This exercise calls for the data below to be retyped exactly, minus any images.

▸ **Data section**
= = =

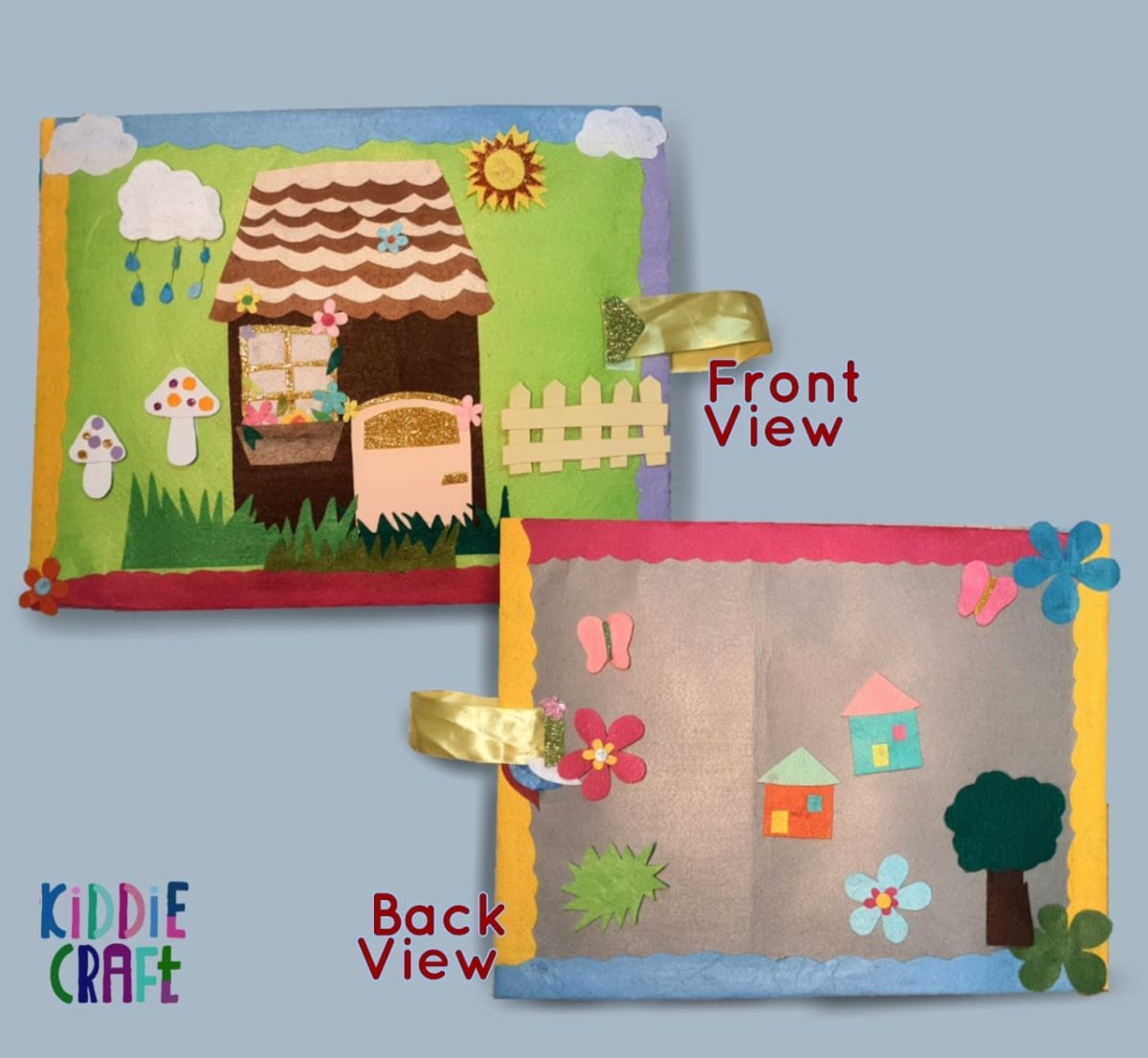 This set includes 2 rooms, one is a mini bedroom, with movable a bed, cover and pillow through velcro tapes. In addition to a window that can be opened to place an image of the moon at night and the sun during the day, with a curtain that can be moved as well, so that the child lives in an atmosphere that resembles reality.
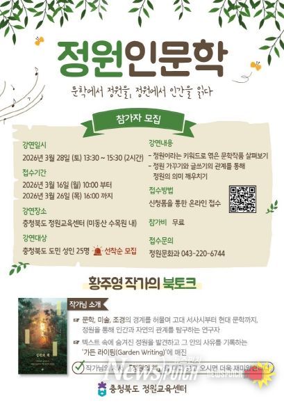 뉴스펀치 이현승 기자 | 충청북도 정원교육센터가 정원을 매개로 한 신체적·정신적 활동과 인문학적 탐색을 통해 도민들의 생태 감수성을 함양하고 인문학적 정원 문화를 정착시키고자 ‘정원인문학(문학 속 정원 읽기)’ 교육을 운영한다.
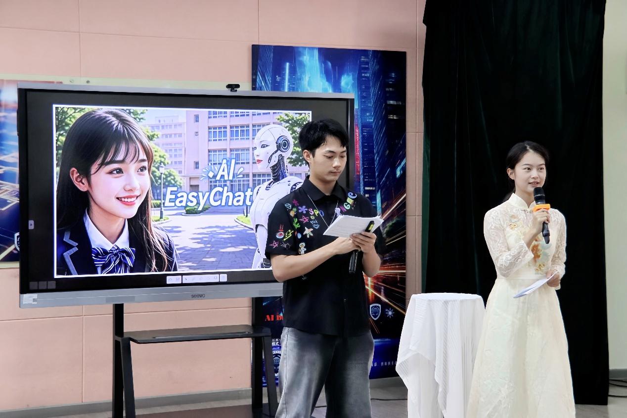其中,徐怡婷团队聚焦于AI智能代理在跨文化商务场景的应用;李炜煜团队引领观众体验了AI如何赋能大众娱乐,使音乐成为自我表达的新载体;张睿雯、李巧玲、胡晓晴团队分别解析了无人驾驶和低空经济的数字创新模式。这些展示内容体现了学生们对外语语言能力的熟练运用,展现了他们对人工智能和数字经济领域知识的深入理解,以及将两者有机结合的跨学科思维。

= = =

▸ **Final answer**
 This set includes 2 rooms, one is a mini bedroom, with movable a bed, cover and pillow through velcro tapes. In addition to a window that can be opened to place an image of the moon at night and the sun during the day, with a curtain that can be moved as well, so that the child lives in an atmosphere that resembles reality.
 뉴스펀치 이현승 기자 | 충청북도 정원교육센터가 정원을 매개로 한 신체적·정신적 활동과 인문학적 탐색을 통해 도민들의 생태 감수성을 함양하고 인문학적 정원 문화를 정착시키고자 ‘정원인문학(문학 속 정원 읽기)’ 교육을 운영한다.
其中,徐怡婷团队聚焦于AI智能代理在跨文化商务场景的应用;李炜煜团队引领观众体验了AI如何赋能大众娱乐,使音乐成为自我表达的新载体;张睿雯、李巧玲、胡晓晴团队分别解析了无人驾驶和低空经济的数字创新模式。这些展示内容体现了学生们对外语语言能力的熟练运用,展现了他们对人工智能和数字经济领域知识的深入理解,以及将两者有机结合的跨学科思维。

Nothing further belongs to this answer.